Content starts
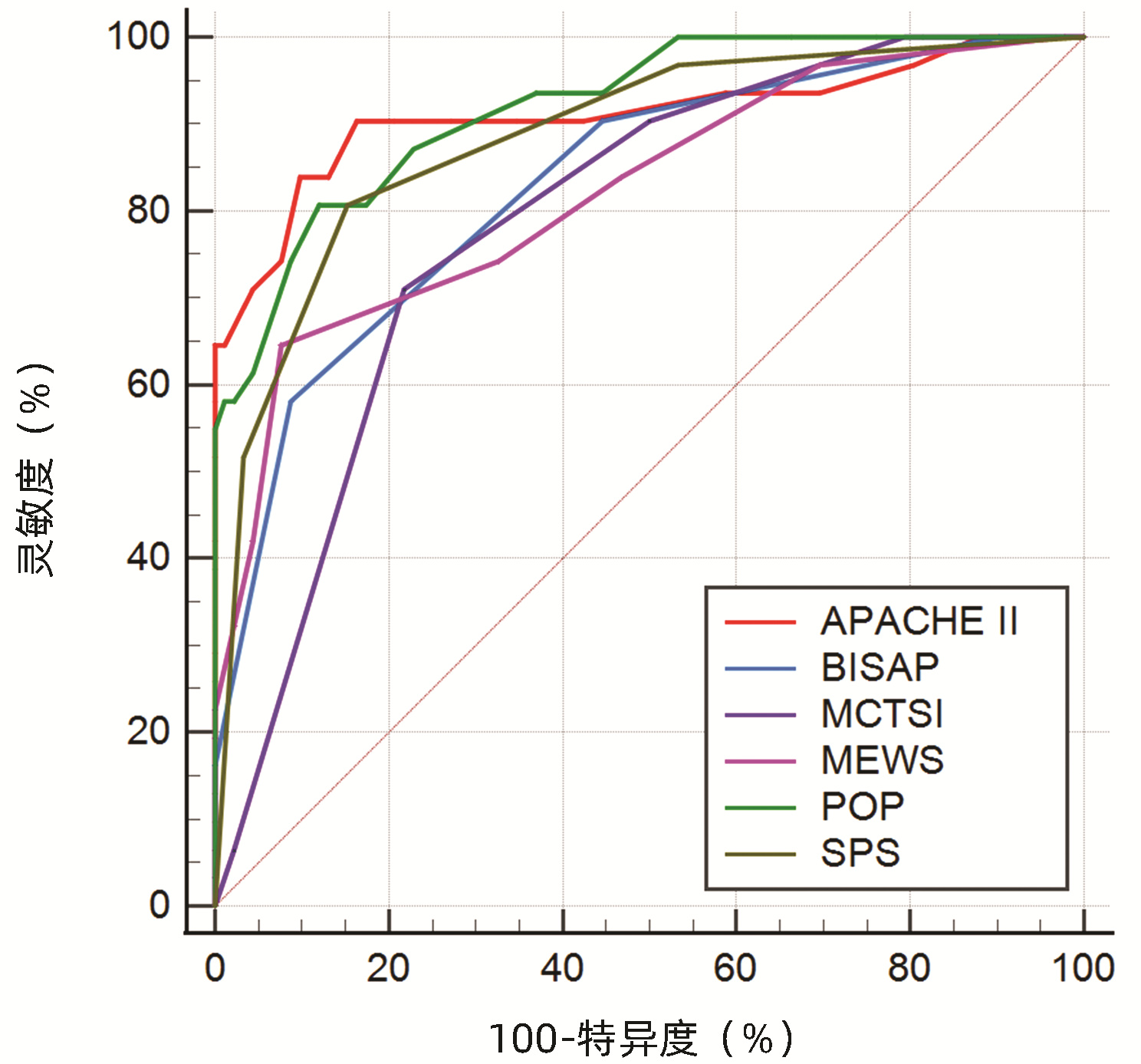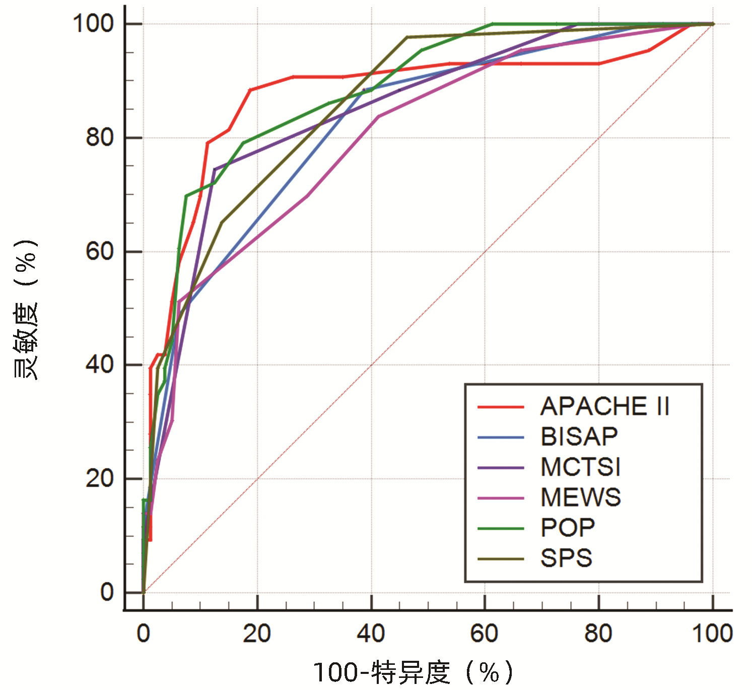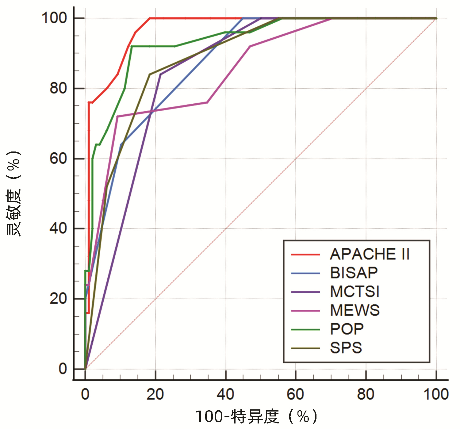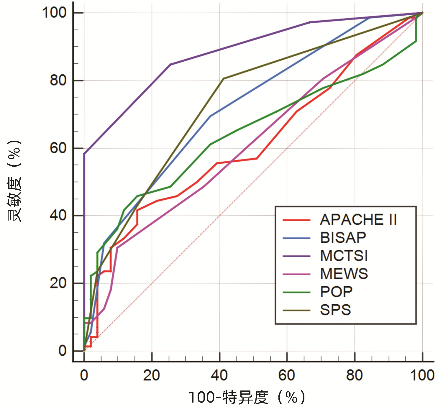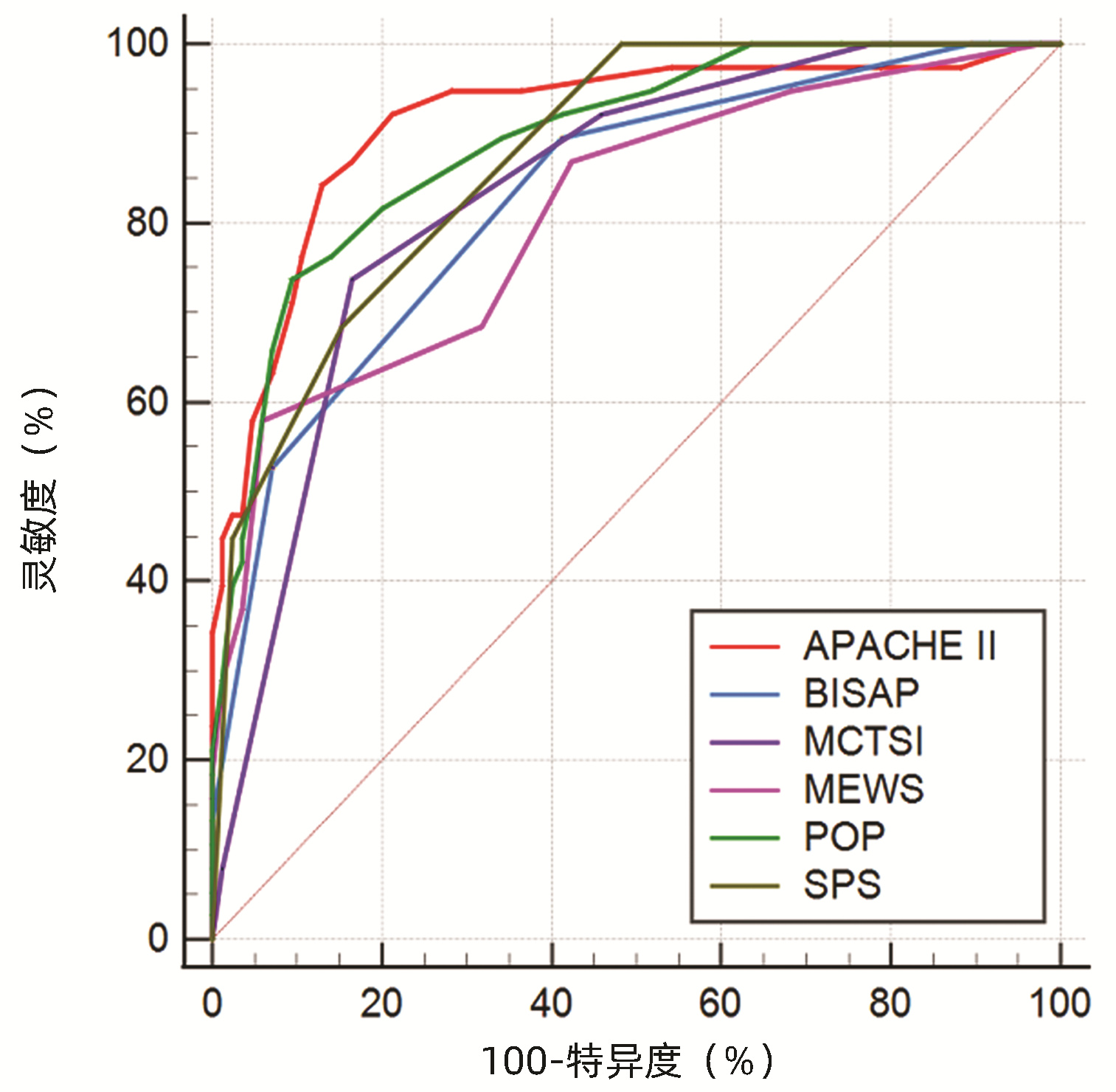 Objective To investigate the best scoring systems for predicting the severity and prognosis of hyperlipidemic acute pancreatitis (HLAP) by comparing APACHEII, BISAP, MCTSI, MEWS, POP, SPS, and PANC3 scores. Methods A retrospective analysis was performed for the data of 123 patients with HLAP who were hospitalized and treated in The Second Affiliated Hospital of Kunming Medical University from October 2017 to January 2022. The patients were divided into mild acute pancreatitis (MAP) group with 24 patients, moderate- severe acute pancreatitis (MSAP) group with 56 patients, and severe acute pancreatitis (SAP) group with 43 patients, and the three groups were compared in terms of basic data and scores of the above scoring systems. The Kruskal-Wallis H test was used for comparison of non-normally distributed continuous data between multiple groups; the chi-square test was used for comparison of categorical data between groups. MedCalc software was used to plot the receiver operating characteristic (ROC) curve, and the area under the ROC curve (AUC) was used to compare the value of these scoring systems in predicting disease severity and local and systemic complications in HLAP patients. Results There were significant differences between the three groups in diabetes mellitus (χ2=6.880, P < 0.05), length of hospital stay (H=26.494, P < 0.001), local complications (χ2=52.211, P < 0.001), acute kidney injury (AKI) (χ2=38.247, P < 0.001), acute respiratory distress syndrome (ARDS) (χ2=79.201, P < 0.001), and multiple organ dysfunction syndrome (MODS) (χ2=45.032, P < 0.001). As for the scores of the above scoring systems, there were significant differences between the three groups in APACHE Ⅱ, BISAP, MCTSI, MEWS, POP, SPS, and PANC3 (H=47.525, 42.662, 53.545, 31.664, 49.233, 48.543, and 9.443, all P < 0.05). APACHE Ⅱ score had a significantly higher value than MEWS score in predicting SAP (Z=2.090, P < 0.05), and the other scores had a similar value, among which POP score had the largest AUC of 0.883. MCTSI score had the highest value in predicting local complications (AUC=0.886), with a sensitivity of 84.7% and a specificity of 74.5% at the cut-off value of 5. APACHE Ⅱ and POP scores had an AUC of 0.911 (95% confidence interval [CI]: 0.835-0.986, P < 0.001) and 0.920 (95%CI: 0.866-0.974, P < 0.001), respectively, in predicting AKI; APACHE Ⅱ score had a higher predictive value than MCTSI and MEWS scores, POP score had a higher predictive value than MCTSI, MEWS, and BISAP scores, and SPS score had a higher predictive value than MCTSI score. APACHE Ⅱ score had an AUC of 0.914 (95%CI: 0.854-0.973, P < 0.001) in predicting ARDS and had a higher predictive value than BISAP and MEWS (Z=2.152 and 3.015, both P < 0.05). APACHE Ⅱ and POP scores had an AUC of 0.969 (95%CI: 0.941-0.996, P < 0.001) and 0.932 (95%CI: 0.880-0.984, P < 0.001), respectively, in predicting MODS, and APACHE Ⅱ score had a higher predictive value than SPS, BISAP, MEWS, and MCTSI. Conclusion POP score has the highest value in predicting SAP, with a comparable predictive ability to all the other scoring systems except MEWS. APACHEII and POP scores have a good value in predicting systemic complications and show a high accuracy in predicting AKI and MODS, and APACHEII score is highly accurate in predicting ARDS.
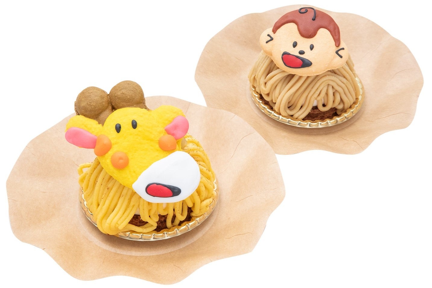 きりんさんとさるさんのかわいらしい笑顔のマカロンに、それぞれのどうぶつさんをイメージした異なるモンブランを組み合わせた本格派スイーツです。
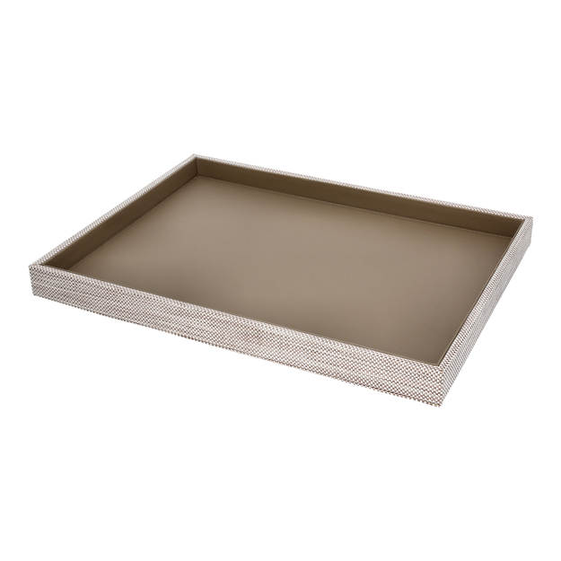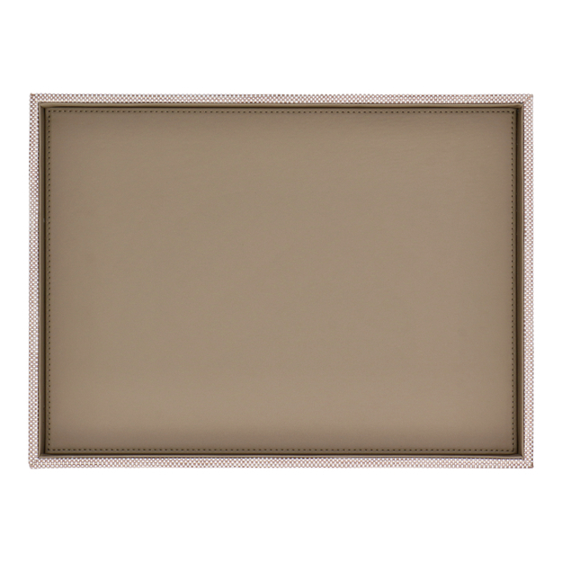 Bandeja de bienvenida Adesign Tribe para bebidas calientes y hervidor: elegancia y funcionalidad con interior en cuero sintético oliva y exterior tejido gris-beige en polipropileno, resistente al agua y perfecto para un servicio refinado.
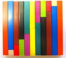 María Antònia Canals s'inspire des réglettes Cuisenaire et des blocs multibases de Dienes pour proposer un système de blocs comportant une dimension spatiale par l'étude des carrés et des cubes[8]. Ses réglettes ne sont pas graduées. Et leurs couleurs donnent des indices sur la décomposition en facteurs premiers des nombres qu'elles représentent[9]:
Content ends
Begin at the line that contains "きりんさんとさるさんのかわい" and transcribe exactly, and only, each line through the final line of the data above, both included; the pictures do not go in.

 きりんさんとさるさんのかわいらしい笑顔のマカロンに、それぞれのどうぶつさんをイメージした異なるモンブランを組み合わせた本格派スイーツです。
 Bandeja de bienvenida Adesign Tribe para bebidas calientes y hervidor: elegancia y funcionalidad con interior en cuero sintético oliva y exterior tejido gris-beige en polipropileno, resistente al agua y perfecto para un servicio refinado.
 María Antònia Canals s'inspire des réglettes Cuisenaire et des blocs multibases de Dienes pour proposer un système de blocs comportant une dimension spatiale par l'étude des carrés et des cubes[8]. Ses réglettes ne sont pas graduées. Et leurs couleurs donnent des indices sur la décomposition en facteurs premiers des nombres qu'elles représentent[9]:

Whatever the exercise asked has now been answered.